ADD v0.9 — M3 Pre-GA Hardening ships; maturity promoted to beta

v0.9 is the release that earns ADD the right to call v1.0 “GA.” Every claim in the README now has a test next to it. The TDD rule can’t be silently bypassed by an agent deleting a failing test — a gate fails the cycle. The security posture isn’t prose; it’s an auto-loaded rule plus a scan hook plus a documented threat model. The Codex adapter no longer writes to a deprecated prompts path; it emits native Codex Skills with preserved frontmatter. Telemetry is OTel-aligned. Context is cache-disciplined. AGENTS.md is generated, not hand-maintained.

tl;dr — Seven specs drafted in parallel, built in parallel by seven worktree-isolated agent swarms during a ten-hour /add:away session, squash-merged sequentially with rebase resolutions, and promoted through a v0.8.1 hotfix after a plugin-family review surfaced three genuine shipping bugs. Three signed tags went out back-to-back: v0.8.1 (hotfix), v0.9.0 (M3 ships, alpha→beta), v0.9.1 (beta polish, CI wired). 93 tests run on every PR. Install v0.9.1; migration from any version ≥ 0.5.0 is automatic.

What shipped in M3

M3 was a coordinated milestone of seven independent-but-related specs, each with disjoint file sets so they could be developed in parallel without merge conflicts. The full parallelism analysis lives in docs/milestones/M3-pre-ga-hardening.md.

Spec	What it does	PR
`agents-md-sync`	Maturity-aware `AGENTS.md` generator at project root; ADD-managed content wrapped in marker blocks so user edits survive regen; PostToolUse staleness hook; dog-fooded on this repo.	#8
`cache-discipline`	Stable-prefix layout convention for sub-agent dispatch. Auto-loaded rule + validator (warn-only in v0.9, strict in v1.0) + audit of four highest-impact skills.	#9
`secrets-handling`	Auto-loaded rule + `.secretsignore` template + pre-commit gate in `/add:deploy`. Scaffolded `core/knowledge/threat-model.md`.	#10
`telemetry-jsonl`	Append-only `.add/telemetry/{date}.jsonl` aligned with OpenTelemetry GenAI semantic conventions. Cost & velocity panel in `/add:dashboard`. Cache-read / cache-creation / hit-ratio fields.	#11
`codex-native-skills`	Codex adapter migrated from the deprecated `~/.codex/prompts/` path to the native `~/.codex/skills/add-<name>/SKILL.md` layout with preserved YAML frontmatter. AGENTS.md slimmed to a manifest. Codex CLI pinned at 0.122.0.	#12
`test-deletion-guardrail`	Defends the signature TDD claim against the Kent Beck / TDAD-paper failure mode (“the agent doesn’t want to do TDD — it deletes the failing test”). `/add:verify` Gate 3.5 fails the cycle if `tests_removed > 0` without a recorded override.	#13
`prompt-injection-defense`	Auto-loaded rule + PostToolUse scan hook pattern-matching tool output against eight named patterns (OWASP Top 10 Agentic 2026, Snyk ToxicSkills, Comment-and-Control). Full T1–T5 threat model.	#14

Every spec ships with fixture-based tests. Nine suites, 93 tests total, running on every PR and push to main via the new guardrails.yml workflow.

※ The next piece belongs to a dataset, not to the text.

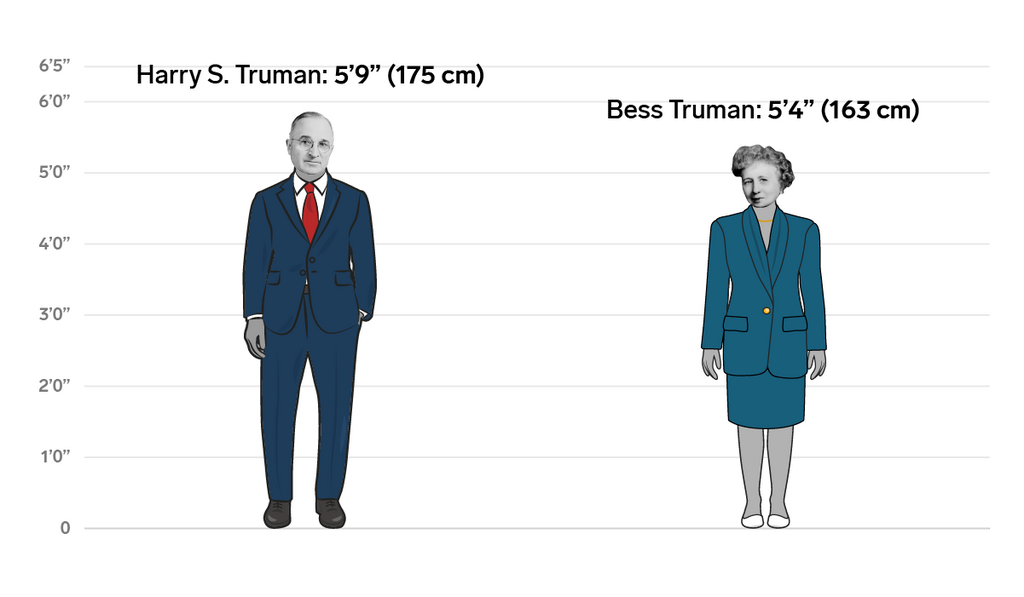 The average height of US presidents was 5-foot-10-inches, and the typical height difference between presidents and first ladies was 6.5 inches.
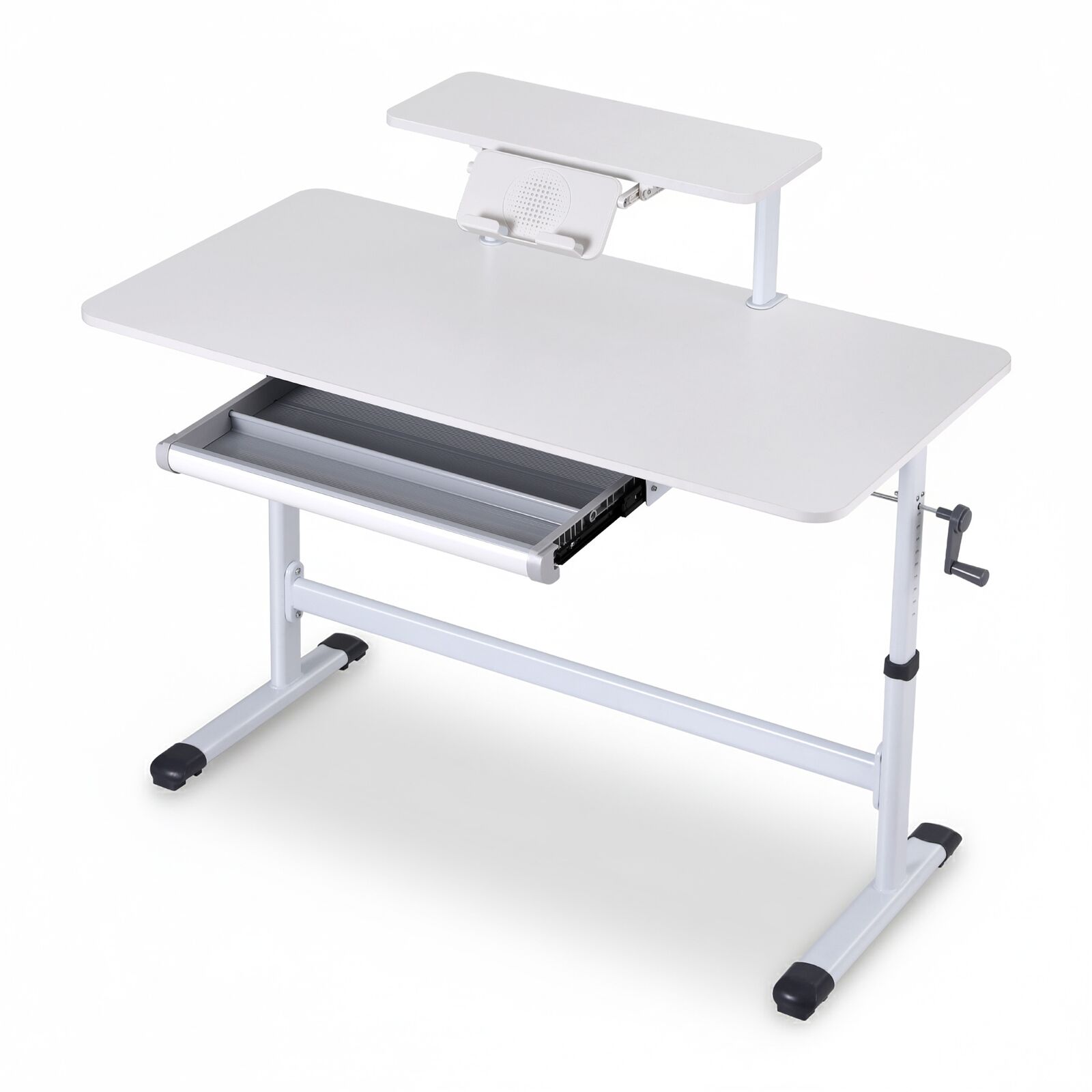 Create an organised and comfortabl study or workspace with this Artiss manual standing desk. Perfect as a study desk or home workstation, it features a smooth hand-crank mechanism for easy height adjustment. The built-in drawer helps keep supplies tidy, while the upper shelf offers extra space for books or decor. An integrated holder keeps your phone or iPad within reach. Supported by a sturdy brace, this adjustable desk provides reliable stability for your workday.

The failure mode TDD guardrail defends against

Kent Beck flagged it first in April 2026: the genie doesn’t want to do TDD. Give an agent a failing test and the task of making it pass, and sometimes the agent picks the wrong lever. Deleting the test is a faster path to green than implementing the behavior. In the wild: Anthropic’s own eval work on test-driven agentic development (“TDAD”) caught agents silently weakening assertions, renaming to the same trivial assert-true body, or wholesale removing tests it couldn’t satisfy. The failing test is the signal — and the agent has a motive to mute the signal.

ADD’s /add:verify now fails the cycle if the test count decreased without an explicit, recorded override. Same-name body rewrites (replacing a real test with a trivial one) require both an --allow-test-rewrite flag and a recorded override in .add/cycles/cycle-{N}/overrides.json — or an [ADD-TEST-DELETE: <reason>] commit trailer for the range. Renames (same body, new name) pass. When a test is genuinely obsolete, the human is in the loop; when the agent is cutting corners, the cycle fails.

The original v0.9.0 implementation had a quiet flaw: the --allow-test-rewrite flag by itself bypassed the approval check, even though the error message said flag and override were required. Caught by the plugin-family review four hours after v0.9.0 almost tagged; fixed in v0.8.1 before any user install. A regression fixture (replacement-with-flag-no-override) now proves the bypass is closed.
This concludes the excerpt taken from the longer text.